« Aujourd’hui, maman est morte ». Charles Berling.

Charles Berling raconte la vie de sa mère, Nadia, professeur d’anglais épouse de Christian, ancien officier militaire médecin. Nadia intima à leurs six enfants d’être gais en toutes circonstances mais les corrigeait fréquemment. Dans un manuscrit « Le Négatif » qu’elle a écrit et offert  quinze ans auparavant à chacun de ses six enfants, Nadia évoque son enfance marocaine. Née d’un père garagiste irascible et infidèle et d’une mère opprimée et en révolte, Nadia, enfant unique, a révélé à ses enfants quelques secrets de cette période déchirante pour elle au Maroc, à Meknès. Une scène douloureuse lors du Festival d’Avignon montre qu’à la fin de sa vie, la folie gagne Nadia: celle-ci, en colère, est venue haranguer publiquement son fils, acteur.

 lanzarote mai 2013 678.JPG

 «  Nous volons toujours au-dessus de la méditerranée » page 164

L’auteur

Né en France en 1958, Charles Berling est acteur, metteur en scène, réalisateur, scénariste, producteur et chanteur. Avec Sophie Blandinières, il publie chez Flammarion en 2011 « Aujourd’hui, maman est morte » qui a obtenu le prix Jean-Jacques-Rousseau en 2012.

Commentaire

Aujourd’hui maman est morte est une des phrases les plus célèbres de la littérature française,  la première phrase du roman l’Etranger  écrit par Albert Camus en 1942.

livre Berling b.jpgDifficile de revenir sur le passé. C’est la vision d’un des enfants du couple, Charles Berling, qui n’a  jamais accepté l’image de sa mère, de  cette femme en morceaux. A son décès, il tente de reconstituer les pièces du puzzle de son histoire. Avec son regard d’acteur très présent, il compose ce récit où il fait revivre sa mère. Le prisme des pensées de Charles Berling donne l’orientation au contenu du livre: « sa mère a  eu un destin contrarié car elle voulait privilégier l’ascension sociale».

« Un enfant n’a jamais les parents dont il rêve… » dit Boris Cyrulnik. Le lecteur sent dans le style, un poignant détachement et les distances qui se sont installés dans cette grande famille. Il y a un sentiment d’inachevé, de rendez-vous manqué. La question qu’on se pose est: qui a refusé le dialogue? La porte de la communication avec ses enfants semble avoir été entrouverte plusieurs fois par Nadia qui leur avait transmis le livre de ses soixante ans « Le négatif » (page 61). Son fils, Charles Berling a mis un certain temps à le lire et lui avait conseillé de le retravailler… Au théâtre, l’irruption bruyante de sa mère dans son spectacle était sans doute un autre appel.

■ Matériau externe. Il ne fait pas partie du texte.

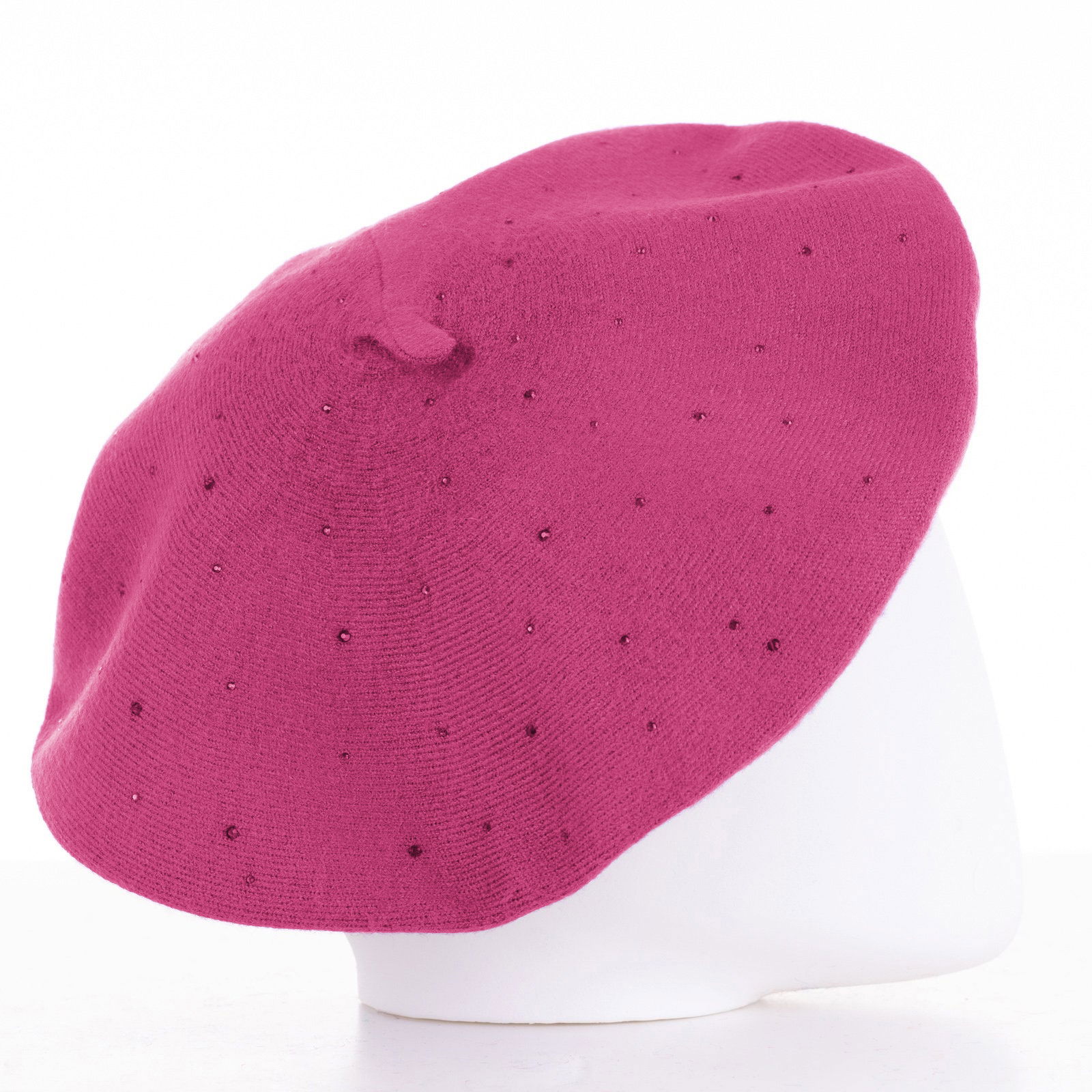 Shopika Bereta magenta clasica, cu strasuri foarte fine aplicate pe toata suprafata, din bumbac si lana

C’est le même phénomène qui se passe dans nos familles: nous ratons trop d’occasions de dialoguer, de renouer avec le fil des générations qui nous ont précédés. Nous sommes en décalage et n’accomplissons pas tous en même temps la recherche de ce tissu familial. Est-il possible parfois d’ajuster un peu nos pas avec ceux de nos parents ?

Les pages qui relatent le climat des disputes du vieux couple de Nadia et de son mari et la réaction de leurs enfants sont un excellent témoignage d’une réalité  bien souvent cachée aux tiers.

Les conflits sont devenues si âpres que les enfants sont amenés à prendre position protéger leur père en difficulté: « nous allons lui annoncer que nous n’allons pas lui laisser le loisir de mettre à mort son mari… » page 151. La fratrie se réunit et se déplace. Ces enfants adultes ne sont plus à leur place car ils tentent de réguler le conflit d’un couple. C’est dramatique. Les enfants vivent une double contrainte: sauver leur père en blessant l’amour-propre de leur mère ou ne rien faire avec le risque que leur père soit anéanti. En agissant, ils amenuisent par ce fait toute chance réelle de communication avec chacun des parents : « elle est désemparée; elle fond en larmes… ». « …il ne dit rien » page 152.

Ce qui compte pour les enfants qui traversent comme des éponges l’histoire de leurs parents, c’est qu’à la fin de vie une balance s’établisse entre le négatif et le positif et que le positif l’emporte! Ou le pardon. Nadia leur avait donné « Le négatif » et n’a pas su inverser la courbe positivement.

Une phrase

« Ils sont épuisés. Elle a l’air tendu d’un animal aux abois. Lui est assis à ses côtés sans faire de bruit, de son petit air gentil ; il s’absente comme il peut »

Aujourd’hui, maman est morte. Charles Berling,  Collection J’ai Lu. Page 150.